When we are faced with a classification problem, $p(\bm x)$ can usually be omitted. This is because we have already observed x, now we need to decide on the most likely class for x. $p(\bm{x})$ makes no difference to the calculation of to which class we should assign $\bm x$. However in this case, we need to remember then that if we do omit this, the result is no longer a true probability. The results for all classes won't sum to unity.
For D dimensions, with Naïve Bayes, we assume that each dimension is independent of each other. Therefore,
\begin{center}
$P(\bm x|C_k) = P(x_1, x_2, ..., x_D|C_k)$
\newline \newline
$= P(x_1|x_2, ..., x_D, C_k) P(x_2|x_3, ..., x_D, C_k) ... P(x_D|C_k)$
\newline \newline
$\simeq P(x_1|C_k)P(x_2|C_k)...P(x_D|C_k)$
\end{center}
\section{Document Classification}
For document classification, we have two document models - the Bernoulli Model and the Multinomial Model.
They are based on two mathematical distributions of the same names.

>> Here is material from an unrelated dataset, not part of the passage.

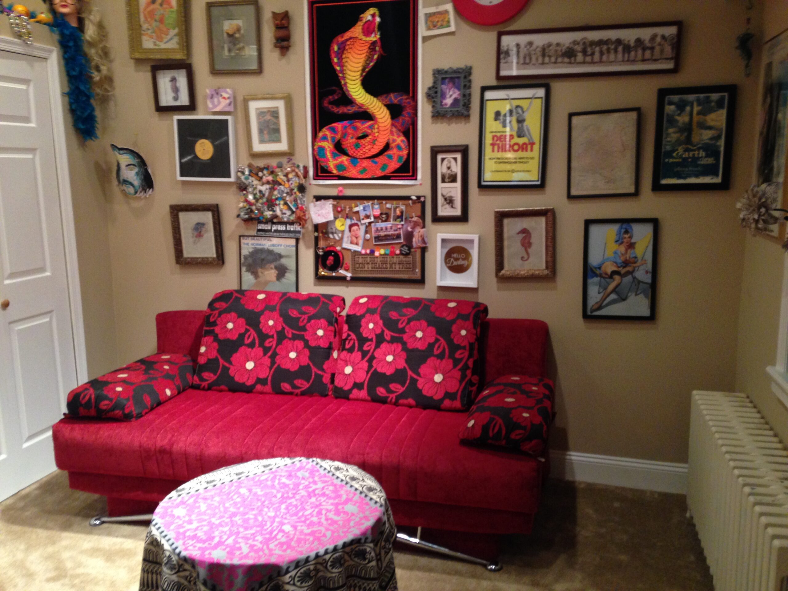 Otherwise, it would be kinda disingenuous to say that our studio aesthetic was a super planned thing. I mean, we wanted it to be vibrant, inviting, and not sterile—especially since it’s a relatively small space that we and our guests hang in for two or three hours when recording. But we also didn’t want to spend a ton of time (or any money, if we could help it) “curating” the vibe. I had just moved into a new place and had a bunch of extra furniture because my roommate moved in with furniture of his own. So that worked out nicely. We didn’t want to allocate Indiegogo campaign funds to decor/furniture unless it was necessary and we didn’t already own something or couldn’t find it for free (like, a lamp or chair or something.) So the decor is a hodgepodge of stuff we already owned, found objects, etc. There’s a “mixed media” collage in there that I made during an acid trip when I was twenty-two. A couple mannequin heads that my ex trash-picked. A neon blacklight poster of a cobra, proudly won during bingo at Tattooed Mom. That sorta thing. It all somehow fits together, I think?

\subsection{The Bernoulli, Binomial, and Multinomial Distributions}
When we are simulating a boolean process, such as tossing a coin, we have two outcomes. If we represent one outcome as being true, then $k = 0$ when the outcome is false and $k = 1$ when the outcome is true; k represents the number of times the outcome is 'true'.
When the probability that $k = 1$ is $p$, then if we have a random variable $X$, we can model $X$ by the Bernoulli distribution:
\begin{center}
$ P(X = 0) = p, P(X = 1) = (1-p)$
therefore
$P(X=k) = kp + (1-k)(1-p) = p^k(1-p)^{1-k} $
\end{center}
We can then simulate the outcomes for a value of $k$ (0 or 1).
When we repeat this process multiple times, we get the binomial distribution:
\begin{center}
$
P(X = k) = \binom{n}{k} p^k (1-p)^{n-k}
$
\end{center}
Here, we drop the restricion that $k \epsilon \{0,1\}$, rather $k \leq n$ represents the number of times that the outcome is 'true' and $p^k$ represents the chance of picking this outcome k times. The binomial co-efficient takes account of the fact that the order in which we pick the outcomes doesn't matter, as long as there are k of them. So we have repetitions.
\begin{center}
$ \binom{n}{k} = \frac{n!}{r!(n-r)!} $
\end{center}
$n!$ represents the number of ways of picking n items when the order of them matters, and we divide by $r!$ because we don't care about the order of the 'true' outcomes, and by $(n-r)!$ because we don't care about the order of the 'false' outcomes.
When we have more than two outcomes, let us have n items which can belong to one of D classes. I.e. the binomial model represents the special case where D=2, and the Bernoulli distribution represents the special case where D=2 and n=1. For a particular class d, let $n_d$ represent the number of items of class d. We take these as repeats, i.e. the items of class d are indistinguishable from each other. Using the string "hello" as an example, n = 5, D = 4, and the l is repeated so $n_l$ is 2. If we imagine selecting colourful stickers from a bag to spell out the word hello, it doesn't matter in which order we pick the 'l's.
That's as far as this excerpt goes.